Please write out the whole listing that follows exactly; the pictures stay out.

• [SUPPLIED INFORMATION]:
Start of Block

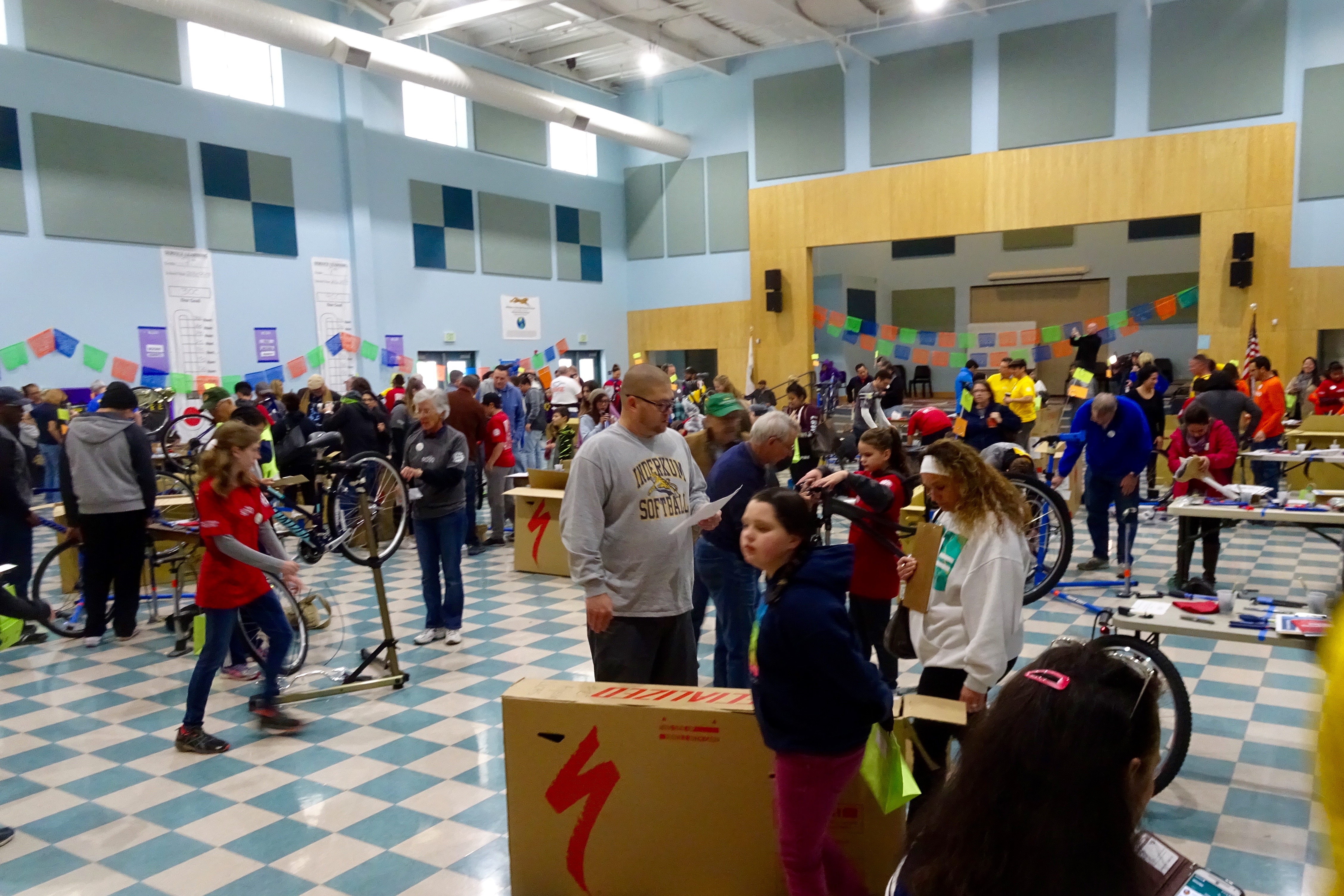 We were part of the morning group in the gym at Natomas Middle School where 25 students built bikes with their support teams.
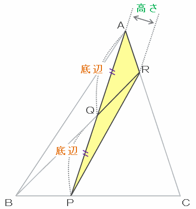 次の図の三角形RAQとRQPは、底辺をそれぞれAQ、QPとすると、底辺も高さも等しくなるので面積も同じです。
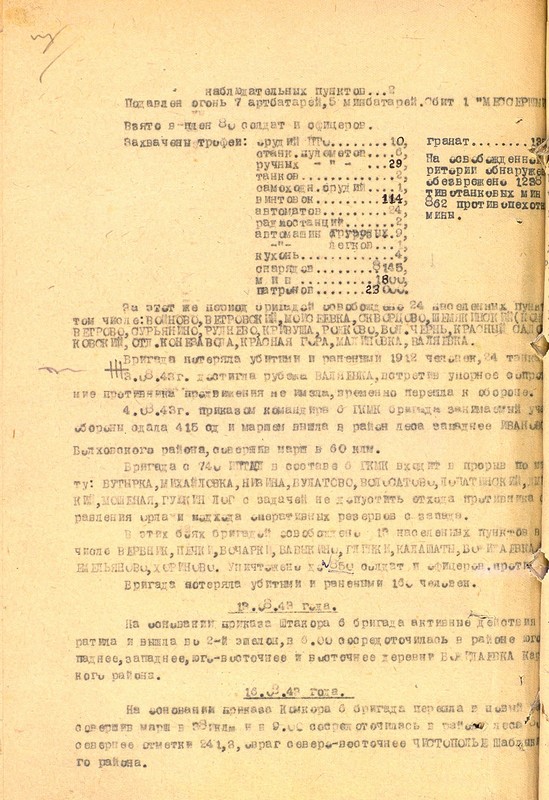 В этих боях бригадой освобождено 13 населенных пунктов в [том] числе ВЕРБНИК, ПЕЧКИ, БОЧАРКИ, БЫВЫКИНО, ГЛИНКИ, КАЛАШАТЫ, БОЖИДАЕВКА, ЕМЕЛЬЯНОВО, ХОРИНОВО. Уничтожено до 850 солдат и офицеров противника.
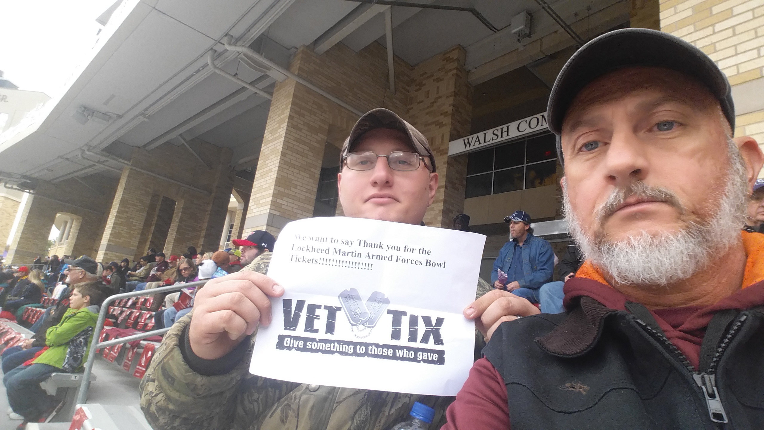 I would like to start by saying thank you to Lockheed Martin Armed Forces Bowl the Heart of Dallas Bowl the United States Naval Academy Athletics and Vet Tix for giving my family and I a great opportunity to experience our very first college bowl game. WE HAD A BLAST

End of Block

• [SOLVED PROBLEM]:
 We were part of the morning group in the gym at Natomas Middle School where 25 students built bikes with their support teams.
 次の図の三角形RAQとRQPは、底辺をそれぞれAQ、QPとすると、底辺も高さも等しくなるので面積も同じです。
 В этих боях бригадой освобождено 13 населенных пунктов в [том] числе ВЕРБНИК, ПЕЧКИ, БОЧАРКИ, БЫВЫКИНО, ГЛИНКИ, КАЛАШАТЫ, БОЖИДАЕВКА, ЕМЕЛЬЯНОВО, ХОРИНОВО. Уничтожено до 850 солдат и офицеров противника.
 I would like to start by saying thank you to Lockheed Martin Armed Forces Bowl the Heart of Dallas Bowl the United States Naval Academy Athletics and Vet Tix for giving my family and I a great opportunity to experience our very first college bowl game. WE HAD A BLAST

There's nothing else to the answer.